In part one of this series, we shared an analytical framework for picking marketing channels that can help you ramp up your demand generation quickly… and a funny-but-unrealistic hack for doubling your pipeline, immediately, with no additional budget or headcount.
In this post (aka part two), we’ll also share a hack that can help you grow your pipeline quickly with relatively low $ and headcount investment. But this time, it’s real and it works.
The ✨ secret hack ✨ to quickly ramping up demand generation
This one is all about boosting your email marketing capabilities. Email marketing is our favorite channel for Enterprise B2B startups. It’s the most cost-efficient, and the one you have most control over. It’s the best distribution and conversion channel for any campaign: from webinars and conferences to content.

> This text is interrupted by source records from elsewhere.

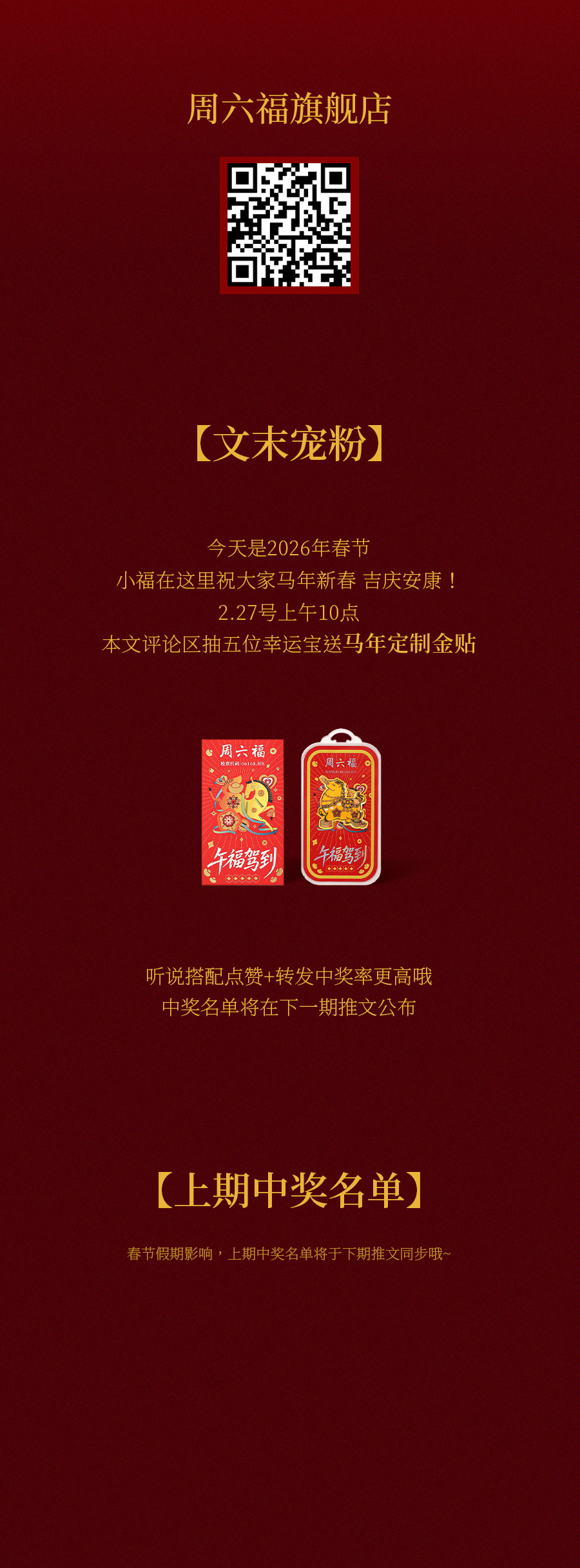 文章内容来源于公众号:周六福ZHOULIUFU,点此可查看原文,内容版权归相关企业所有,本网站仅供交流学习。若涉及版权问题或存在侵权情况,请及时与我们联系,我们将第一时间进行删除处理。
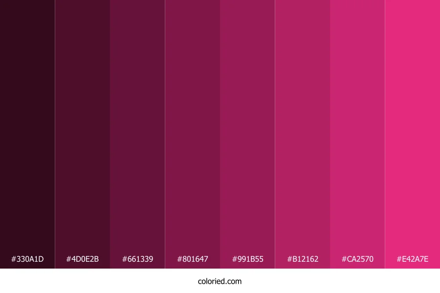 ![]() | #330A1D | 51, 10, 29 | 332, 67%, 12% | 0%, 80%, 43%, 80% | oklch(0.225 0.069 356) |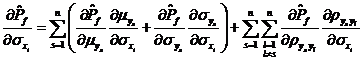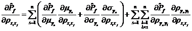 與獨(dú)立變量情況類似,變量相關(guān)情況下的可靠性試驗(yàn)靈敏度定義為失效概率對(duì)基本變量分布參數(shù)的偏導(dǎo)數(shù),以

Case in point: We recently ran a webinar with a client. We spent $2000 (and a lot of time) on LinkedIn ads that drove 7 webinar registrations. We spent $0 (and much less time) on three email campaigns that drove 120 registrations. All in all, email accounted for ~80% of signups to this webinar. This is typically what we see with email marketing across clients and campaigns.
OK, I’m convinced. Email marketing is the 💣. Now what?
There are many ways to get more out of your email channel. This post is about one of them: Increasing the size of your email marketing database.
It’s simple — the bigger the audience you can email, the more people will engage with your campaigns, and ultimately set up demos and become Sales Opportunities.
Sounds straightforward, right? But you’d be surprised how many startups don’t actively work on consistently increasing their database size. We should know — in the past month, we significantly increased the size of the email databases of two of our clients (by 50-100%). No good reason for not doing it months ago.
Bigger database = better database. Here’s how to grow one.
As long as you’re adding leads that match your ICP (Ideal Customer Profile), your database gets better as it grows. Here are four things you should be doing to make sure this actually happens.
- Have an explicit goal around database growth that you track alongside other top marketing KPIs on a monthly, quarterly, annual basis. Someone on the team should own this goal — your Marketing Operations person is a good bet.
- To determine what this goal should be, calculate the size of your audience. This can be as simple as a back-of-the-envelope calculation – # of ICP companies * estimated # of ICP people within each company (e.g. 2,000 ICP companies * average of 5 ICP people per company = target audience of 10,000 people). Or you can do a more elaborate market sizing exercise. If it’s too hard to calculate your ICP, you can set growth goals like “doubling within X months.”
- Invest in a lead generation tool (e.g. ZoomInfo / DiscoverOrg, SalesIntel, LinkedIn Sales Navigator, Lusha). Yes, this will cost you money — expect to spend $10-20K per year. But the ROI and speed are there.
- Make sure you’re not inadvertently excluding legitimate leads. With both our clients, we discovered thousands of leads already in the database that were excluded from getting email campaigns for various reasons. Upon further examination, we concluded a lot of these reasons were erroneous or based on outdated processes, and these leads can be safely added back into the database.
Note: If you’re just starting out and your email database is smaller than 5K recipients, check out our guide for building your first marketing database.
Hold on — can I just add people to my database and email them? Isn’t that spam?
Yes you can, and no it’s not (in the US).
But wait, I’m only doing inbound marketing and conferences, waiting for leads to opt-in to my database. You’re saying I should just add leads to the database myself?
Yep. Otherwise, good luck waiting around for leads to come while all of your competitors are buying lead generation tools and bulking up their database.
The Bottom Line
“That’s it?” You may be asking yourself. “Not exactly groundbreaking.” And you’re right — it’s not. But sometimes basic infrastructure work, done consistently, leads to groundbreaking results.
What’s preventing you from doubling your email database size this month?